Mythforce, a new roguelite inspired by fantasy cartoons from the 80s, almost looks like the setup of a joke. Stop Me If You’ve Heard This One: A Knight, Thief, Mage, and Ranger enter a dungeon. Then they all die because they ran out of stamina.
There are two types of clashing video games in Mythforce: one is an action-packed dungeon crawler where you kill dozens of enemies while chatting with your co-op crew, the other is a deliberate, slow-paced combat that demands precise sword swings and dodging. stay alive for more than a few minutes. I’m up for either approach, but the former seems more in line with Mythforce’s cartoony tone and multiplayer roguelite structure. It might be too hard for a stray step in front of a fire-breathing statue to burn half my health when healing potions are apparently the rarest commodity in this fantasy world.

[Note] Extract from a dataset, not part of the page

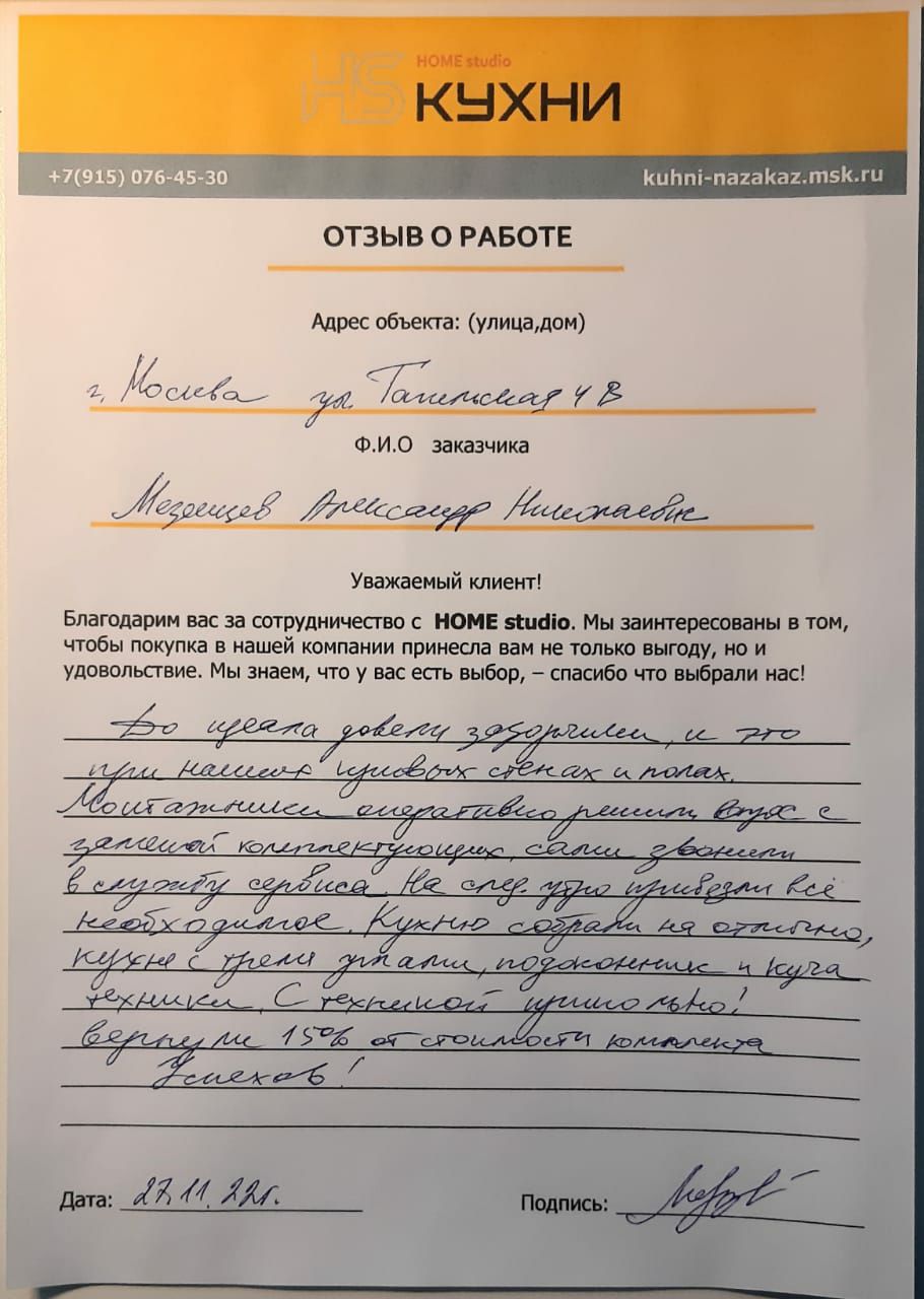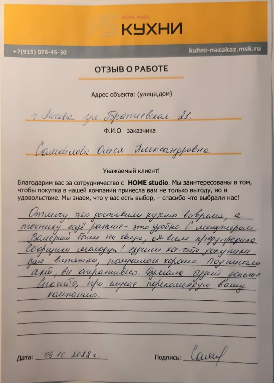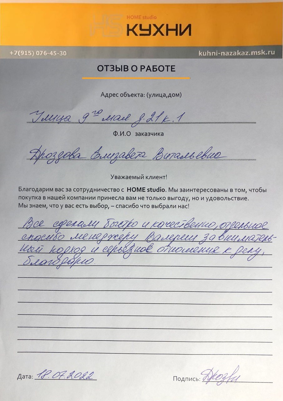 Вызвали дизайнера консультанта к нам домой, была удивлена большим выбором материалов по кухне и шкафам, после долгих согласований с мужем выбрали нужные цвета, как и обещали срок изготовления кухни составил две недели, привезли все вовремя, но мы ещё не успели доделать ремонт, монтаж начали через три недели, выполнили все качественно, нам очень нравится.

I was surprised at the weight Mythforce puts behind its first-person sword swings when I held down the mouse button for a charged strike. It looks a bit like Vermintide in those moments, which I mean as a compliment. But here, being hit by enemies only a few times meant big trouble: my thief was squishy as hell, and I sometimes took damage even while dodging backwards from what seemed as a sword range. First person combat can sometimes make it hard to tell exactly where your hitbox is, and I’d just discount that in a game like Vermintide, where healing is pretty prevalent and the average enemy is a small fry you can eliminate with a giant hammer. Only three enemies walking slowly towards you pose a major threat here, and playing a ranged character feels much safer than engaging in melee.
Mythforce has a certain charm to it, with a nice mix of cel-shaded characters and slightly blurry 3D backgrounds. The art style captures the Thundercats or Masters of the Universe aesthetic and suits well what otherwise looks like a generic dungeon crawler world. The four hero classes available at launch are classic D&D. The first enemies you encounter are, of course, skeletons. The procedurally generated rooms you fight are each filled with a handful of color-coded enemies, chests, and jars to open for better loot.
It’s cozy and familiar from the jump, but if you survive for a while you start encountering enemies that diverge a bit more from D&D 101, like mushroom men that shrink at will to circle around. your frustrated sword thrusts. These weirdos are one of the reasons I wish Mythforce leaned more towards windy hack ‘n’ slash – I want to know what kind of creativity lurks later in the dungeon.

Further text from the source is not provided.